Every year, thousands of collisions occur in California involving teen drivers.
According to the Statewide Integrated Traffic Records System (SWITRS), from 2007 through 2009, there were more than 31,000 fatal and injury crashes involving at least one teen driver between the ages of 15 and 19. Those same collisions resulted in 743 people killed and more than 48,000 injuries.
However, it’s worth noting that over the course of those three years, fatal and injury collisions involving teens decreased by approximately 30 percent and 22 percent, respectively.
In Lake County during that same time period, there were 118 fatal and injury crashes involving teen drivers between the ages of 15 and 19, with seven fatalities and 139 injuries, according to SWITRS data.
“Through continued education we can keep the momentum going in the right direction,” said Commissioner Farrow. “We invite new teen drivers, parents and guardians to attend a ‘Start Smart’ class in their community to better prepare them for the road.”

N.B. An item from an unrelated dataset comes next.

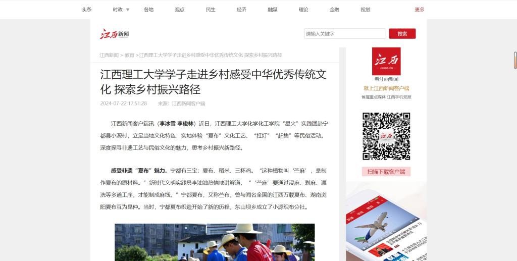“星火”实践团赴宁都县小源村,立足当地文化特色,实地体验“夏布”文化工艺、“扛灯”“赶集”等民俗活动。深度探寻非遗工艺与民俗文化的魅力,思考乡村振兴新路径。

CHP personnel will conduct “Start Smart” presentations throughout the state at venues ranging from youth events to community activities. The target audience for the two-hour presentations is teens, 15 through 19 years old, and their parents or guardians.
The Clear Lake CHP office has held the trainings for local teens as part of its efforts to protect young drivers.
“Start Smart” driving classes are designed to provide an interactive safe driving awareness class which will illustrate how poor choices behind the wheel of a car can affect the lives of numerous people.
“Start Smart” also focuses on responsibilities of newly licensed drivers, their parents and guardians, and collision avoidance techniques.
Funding for the program is provided by a grant awarded by the California Office of Traffic Safety through the National Highway Traffic Safety Administration.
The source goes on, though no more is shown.